Dose prediction models are mainly used for treatment planning. This means that in practice, in addition to the dose prediction, a second model is required to convert the predicted dose into an actual plan that is executable for the specific treatment technique. In this latter step, a final optimization incorporates individual case properties, physical constraints and dose delivery hardware. In our case, we want to use the dose prediction model for another purpose.
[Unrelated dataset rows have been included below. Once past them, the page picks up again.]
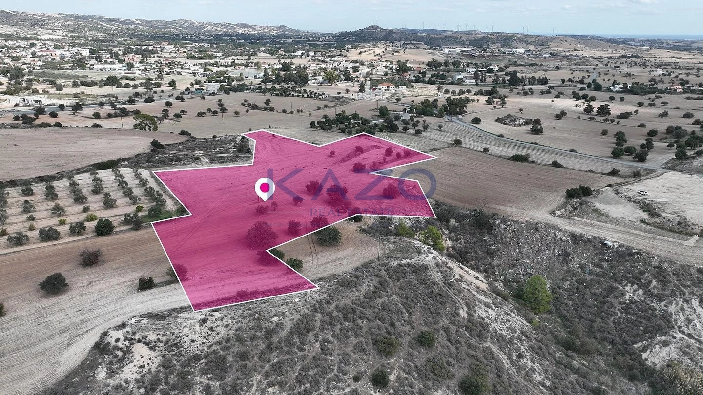 Residential field, extending to about 14,716 sq.m. in total, located in Anglisides, Larnaca. The asset is located about 470m east of the main road connecting Aplanda and Anafotida communities, approximately 1km from B5 motorway and about 585m southwest of Agglisides Primary School. The property falls within Zone H3, with a building coefficient of 60%, coverage of 35%, and permission for 2 floors (8.3m) of construction.
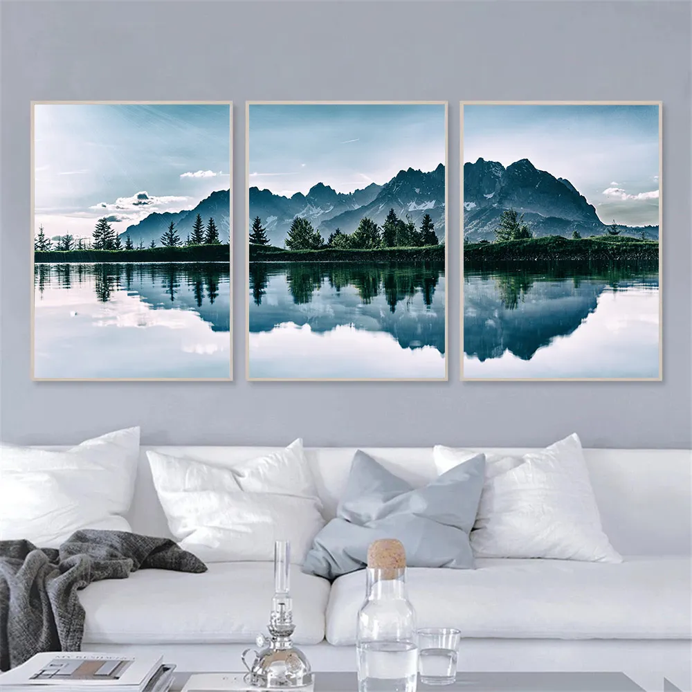 Настенный постер на холсте с изображением природного пейзажа, Настенная картина с изображением гор и озер в скандинавском стиле, декор для гостиной и дома
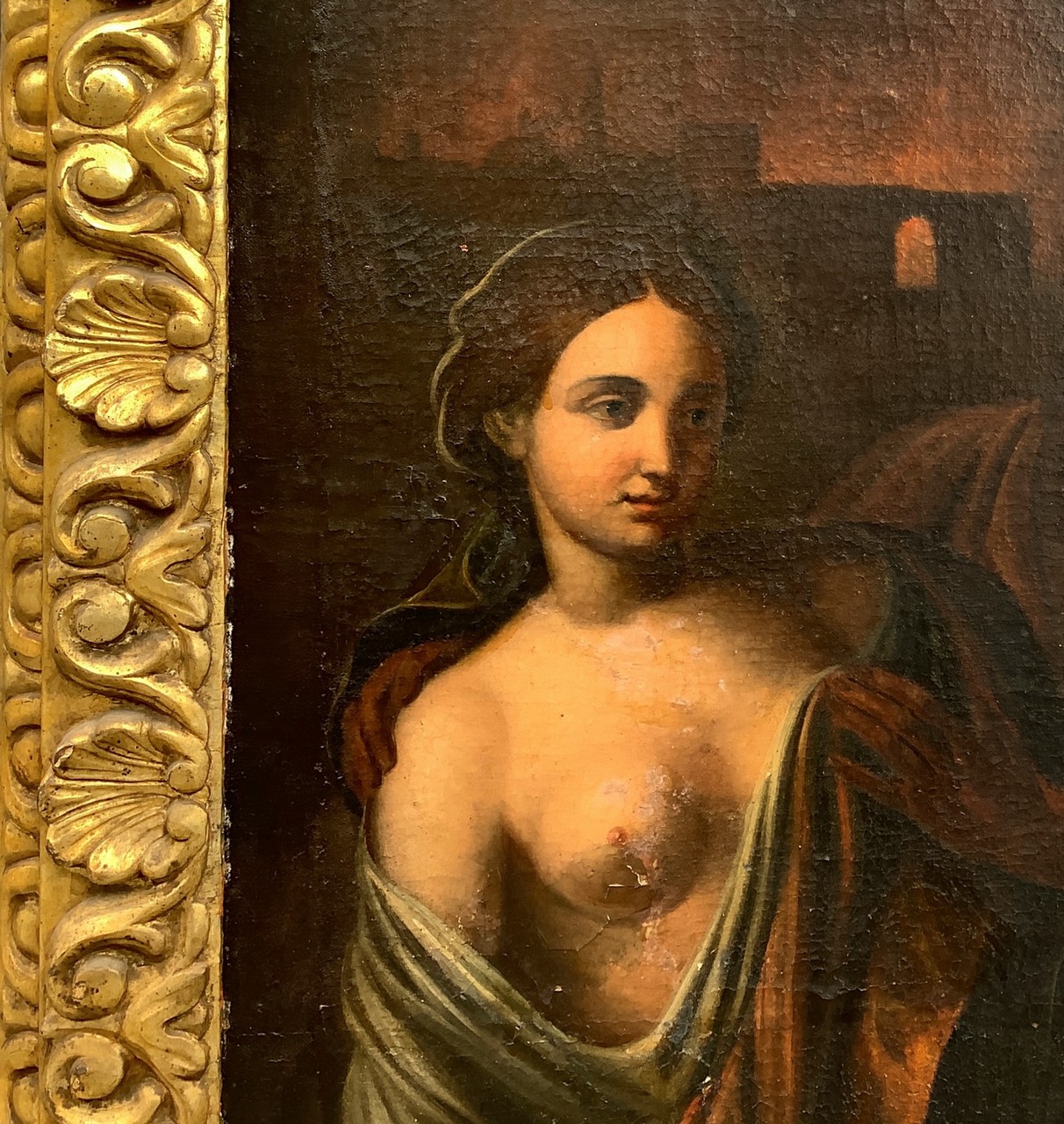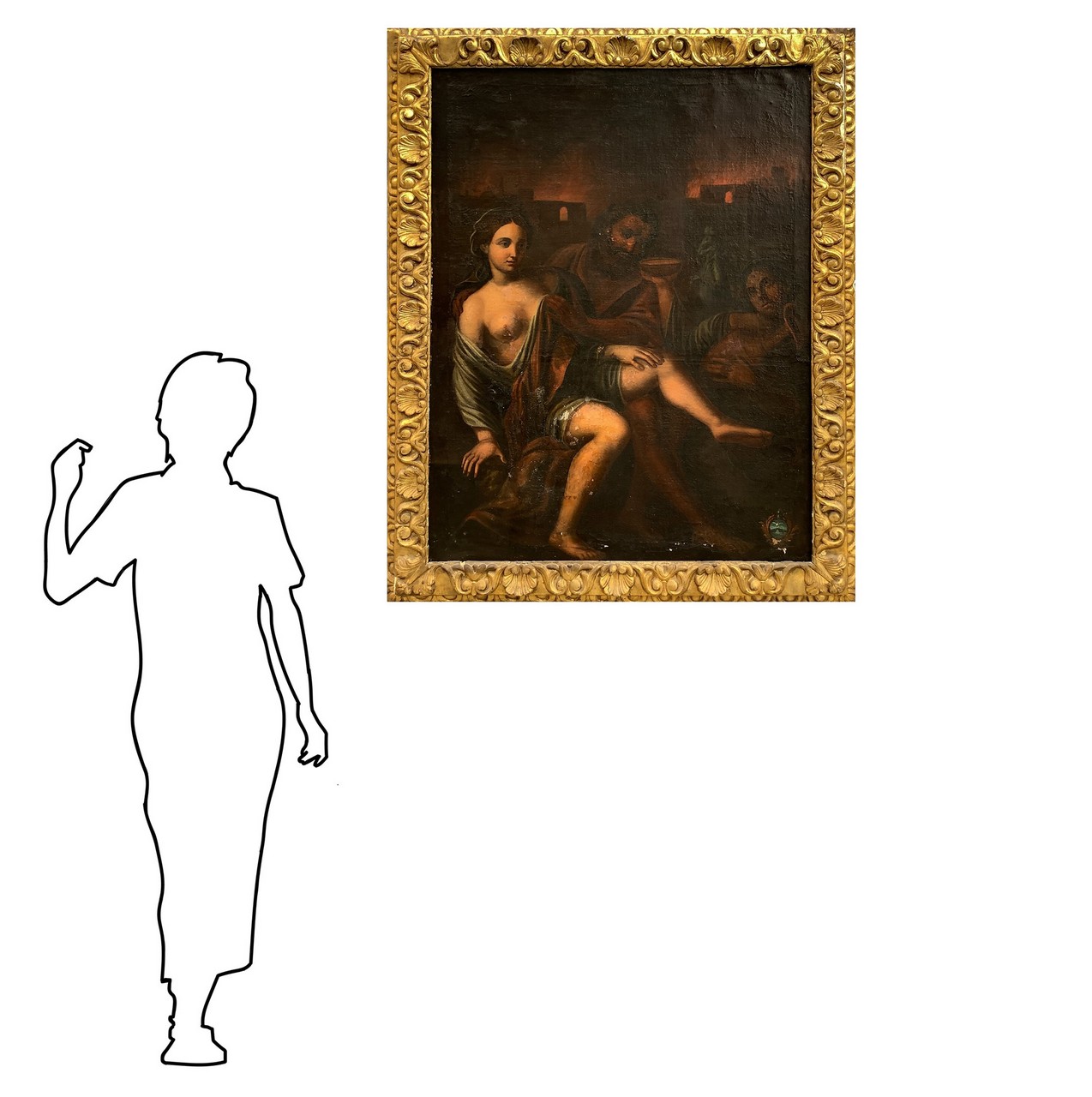 Lot e le figlie, in lontananza Gomorra, XVIII Secolo tela cm 117x91 in cornice cm 136x110 Dipinto ad olio su tela Pittore italiano del XVIII secolo. In splendida cornice coeva in legno dorato, dipinto in prima tela. Mancanze e cadute di colore
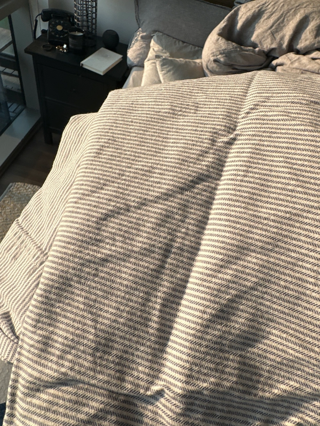 These are soft, cozy pillowcases with a striped pattern. Good hefty fabric. Made by Ralph Lauren.
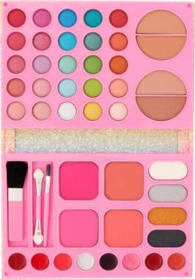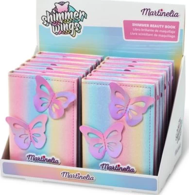 Das Martinelia Shimmer Wings Glitzer Beauty Buch enthält zahlreiche tolle Schminkprodukte. Acht Lippenstift-Farben, vier Sorten Rouge, vier Mal Puder und 29 Lidschatten-Farben bieten coole Möglichkeiten, sich an ersten Makeups auszuprobieren! Im Set enthalten sind auch ein Doppelapplikator sowie zwei Pinsel. Das funkelnde Glitzerbuch, in dem alle Produkte enthalten sind, sorgt zusätzlich für Begeisterung!
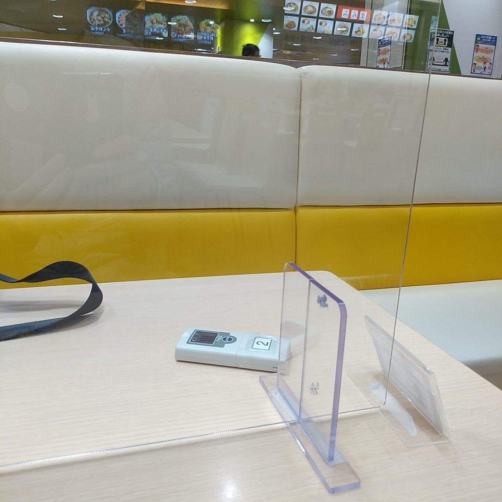 新型コロナウイルス感染症対策としてフードコートのイートイン席にはアクリル板が設置されていました
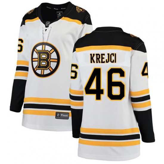 Home>NHL>Boston Bruins>David Krejci>Women's Boston Bruins #46 David Krejci Authentic White Away Fanatics Branded Breakaway NHL Jersey
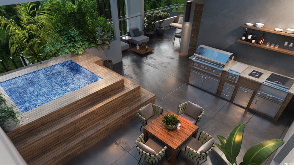 Proyecto de apartamentos ubicado en la Jacobo Majluta. Cinco torres de 11 pisos de apartamentos de 105 metros, todos de 3 habitaciones, dos baños y dos parqueos. Dos ascensores en cada torre. Primer piso con patio y PH con terraza. Áreas sociales con GYM y Piscina
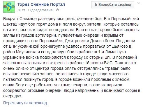 "Вокруг г.Снежное развернулись ожесточенные бои. В п.Первомайский шахта 2 идут бои горят дома и поля вокруг, жители, которые остались на этих поселках сидят по подвалам. Всю ночь в городе были слышны залпы из Градов, артиллерии, пулеметные очереди и взрывы от проходящих возле Первомайки, Дмитровки и Дьяково боев", - отмечается в сообщении группы.

Contouring of targets and organs at risk (OAR), the step that takes place prior to planning, is also subject to automation to improve efficiency and consistency with respect to the current manual process. To ensure quality, an assessment of the contours is required. Usually, visual inspection is the go-to method; however, this is a time-consuming task. For each target and OAR, every slice needs to be visually inspected and if necessary, manually adjusted if deemed incorrect. Especially for deep learning based auto-segmentation models, a lack of robustness could result in unpredictable errors that can happen anywhere within the image volume [
10]. Although often such errors are small and might not have a critical effect on the treatment, in assessing the contours, we postulate that it would be beneficial to know the possible clinical impact of critical errors and of those where no further assessment is required. A deep learning model that can give an accurate prediction of the dose received by an OAR instantly, could provide the required information to assess the clinical impact of contour variations.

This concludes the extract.